Prose is basically anything written in language that is not poetry.
The setting of a work of prose fiction consists of three parts:
- Place—the location or geographical area where the action occurs
- Time—the time of day, season, or historical period when the action occurs
- Atmosphere—the emotions associated with the story’s physical environment
The setting is either directly stated by the author, or it can be inferred by the reader.
The plot of a story refers the sequence of events.
Conflicts occur in the plot to create moments of tension:
- Characters defy society or other individuals
- Characters cope with dangerous surroundings
- Characters struggle with their own emotions
Point of View:
The reader sees the events of a story through the eyes of the narrator—the person who tells the story.
The narrator’s explanations and interpretations of the events represent the story’s point of view.
There are two main types of narrator:
- An outside narrator does not participate in the conflict of the story and is not a character in the story.
- A character narrator participates in the action of the story, and the reader witnesses the events through his or her eyes.

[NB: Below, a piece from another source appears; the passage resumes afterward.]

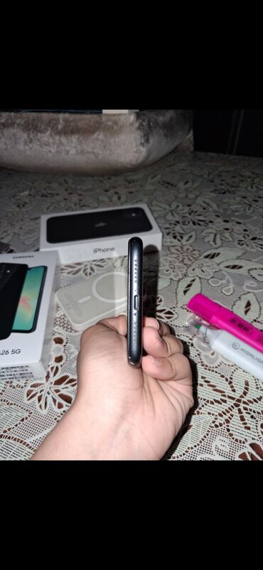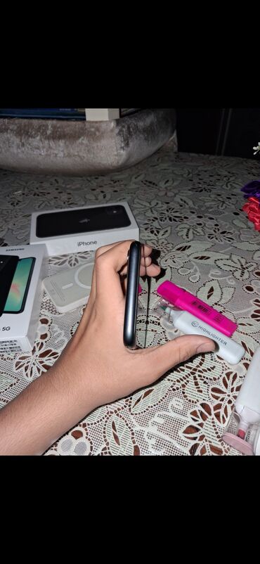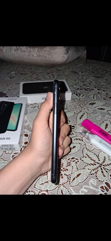 Apple iPhone 11, rəngi qaradı, 128-yaddaş, ram-4, pil-76, ana ekran dəyşilib 1-dəfə, üstündə kabroda verilir, alannan bəri telefon məndədi, real alıcıya endirim olacaq.

Characterization refers to the methods an author uses to present characters to the reader:
- outside narrator’s comments
- other characters’ comments
- scenes depicting characters in action
- A simile is a comparison using the word like or a
- A metaphor is an implied comparison in which the writer states that something is something else.
The theme is the underlying meaning of a story:
- beliefs and opinions about life
- attitudes toward political or social issues
- perceptions about human nature and relationships
The theme of a story is usually implied throughout the story, not stated directly.